Чердак. Ну, вот чердак. Прошу на чердак. Чего там только не было: десятки баулов и картонных коробок, две коричневые кушетки, одна на другой, как совокупляющиеся жуки, и множество картин, стоявших по углам или на полках, лицом к стене, будто наказанные за провинность дети. Там же хранился свернутый в своем футляре старенький «ковролет», иначе «феероплан», – выцветший, но все такой же сказочный синий ковер-самолет с арабскими узорами, на котором еще отец дяди Дана летал в детстве, да и позже, когда бывал пьян. Из-за многочисленных столкновений, падений и других несчастных случаев, особенно частых на закате, над идиллическими полями, ковролеты были запрещены воздушным дозором, но четырьмя годами позже Ван, любивший этот вид спорта, подкупил местного механика, чтобы тот вычистил аппарат, перезарядил его ястребиные трубки и в целом привел ковер в волшебное состояние, после чего Ван со своей Адой провел немало летних вечеров, паря над рощами и рекой или скользя на безопасной десятифутовой высоте над поверхностью дорог и крыш. Как смешон завилявший и съехавший в канаву велосипедист, как странен скользящий по скату кровли, балансирующий марионеточными руками трубочист!
Смутно сознавая, что, пока длится осмотр дома, они, по крайней мере, заняты «делом», сохраняют видимость последовательных действий, без чего, несмотря на превосходное умение каждого из них поддерживать беседу, неизбежно возник бы ужасный вакуум стесненного покашливания, который нечем заполнить, кроме неловкой остроты с «повисающим» следом молчанием, Ада не избавила кузена от посещения подвала, где барабан автоматической печи дрожал и громыхал, мужественно нагоняя жар в трубы, змеями уползавшими в огромную кухню и две унылые ванные комнаты, и выбивался из слабых сил, чтобы за?мок оставался пригодным для праздничных посещений зимой.

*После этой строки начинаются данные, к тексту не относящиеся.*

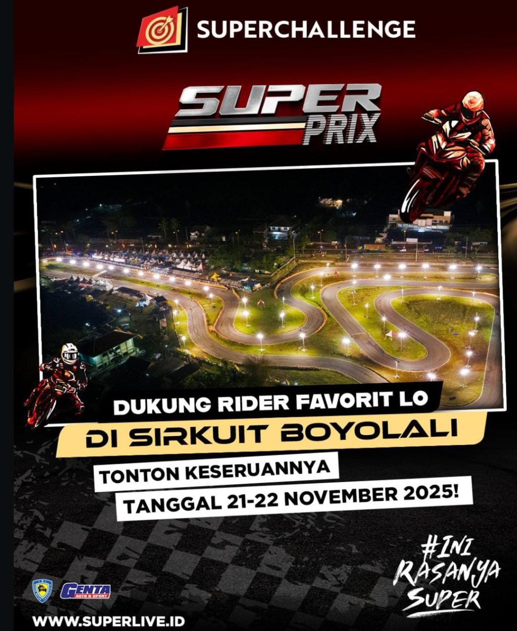 KABAROTO.ID – Ajang Final Superchallenge Super Prix 2025 akhirnya memasuki babak paling menentukan. Setelah melalui empat seri penuh drama, tensi persaingan, dan aksi menegangkan dari para rider terbaik Tanah Air, gelaran pamungkas ini akan berlangsung di Sirkuit Boyolali pada Jumat–Sabtu, 21–22 November 2025. Antusiasme peserta, tim, hingga para penggemar balap sudah terasa bahkan sebelum race day tiba.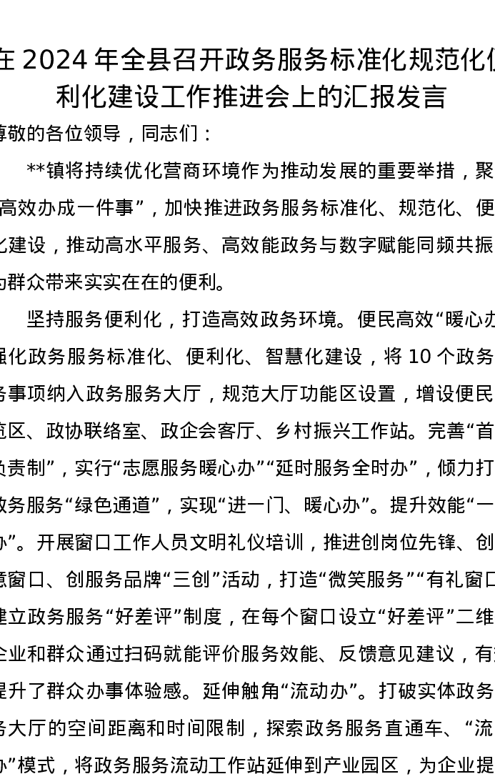 在2024年全县召开政务服务标准化规范化便利化建设工作推进会上的汇报发言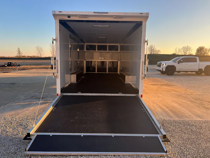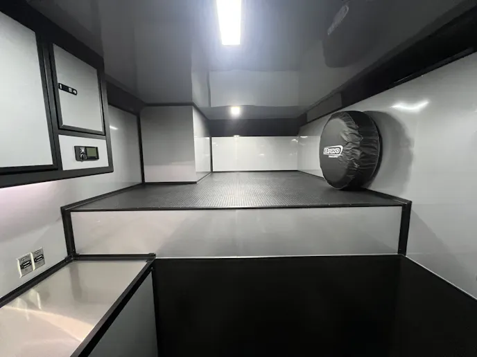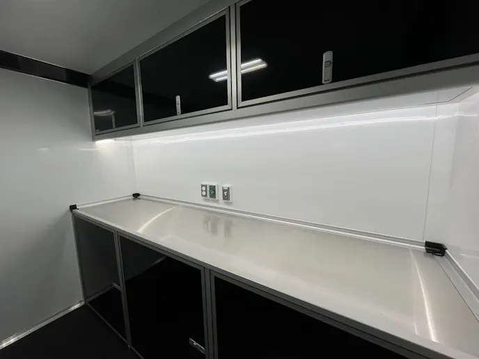 You can illuminate your workspace with an LED light strip under the overhead cabinet. The black coin rubber flooring, ramp, and ramp extension ensure a secure environment. Additional highlights include a 36-inch side entry door with an aluminum slide-out step, a 48-inch beavertail, spread axle for enhanced stability, black aluminum wheels, LED surface mount lights interior and exterior, a roof vent braced and wired for A/C, four 5,000-pound recessed D-rings, and a 5,000-pound tongue jack.

«Ты еще не все видел! – крикнула Ада. – Осталось подняться на крышу!»
«Но это будет наше последнее восхождение сегодня», твердо сказал себе Ван.
Из-за чехарды наложившихся один на другой стилей и настилов (что нелегко описать без специальных терминов тому, кто не любит крыш), а также в силу бессистемной череды реконструкций, если это подходящее слово, черепичная кровля ардисовского дворца являла собой неописуемый лабиринт углов и уровней, жестяно-зеленых и ребристо-серых поверхностей, живописных гребней и защищенных от ветра уголков. Здесь можно было сколько угодно миловаться и целоваться, обозревая в то же время искусственное озеро, рощи и луга, чернильную линию лиственниц, отмечавших границу соседнего имения в нескольких верстах отселе, и безобразные крошечные силуэты нескольких более или менее безногих коров на далеком холме. А за каким-нибудь выступом легко можно было укрыться от нескромных планеристов или фотографирующих аэростатов.
С террасы донесся бронзовый звон гонга.
Дети почему-то вздохнули с облегчением, узнав, что к обеду ожидается незнакомец. Им оказался андалузский архитектор, которому дядя Дан заказал для Ардиса проект «художественного» плавательного бассейна. Дядя Дан тоже собирался приехать с переводчиком, но подхватил русский «хрипъ» (испанский «грипп») и по дорофону попросил Марину принять добрейшего Алонсо как можно любезнее.
«Мне нужна ваша помощь!» – обратилась Марина к детям с озабоченным видом.
«Ему будет интересно взглянуть, полагаю, – сказала Ада, повернувшись к Вану, – на совершенно бесподобный натюрморт Хуана де Лабрадора из Эстремадуры – золотой виноград и таинственная роза на черном фоне. Дан уступил его Демону, а Демон пообещал подарить его мне к моему пятнадцатилетию».
«У нас еще есть кое-какие плоды Сурбарана, – сказал Ван горделиво. – Кажется, мандарины и что-то вроде смоквы, на которой сидит оса. Да мы просто ошеломим гостя всякими такими штуками!»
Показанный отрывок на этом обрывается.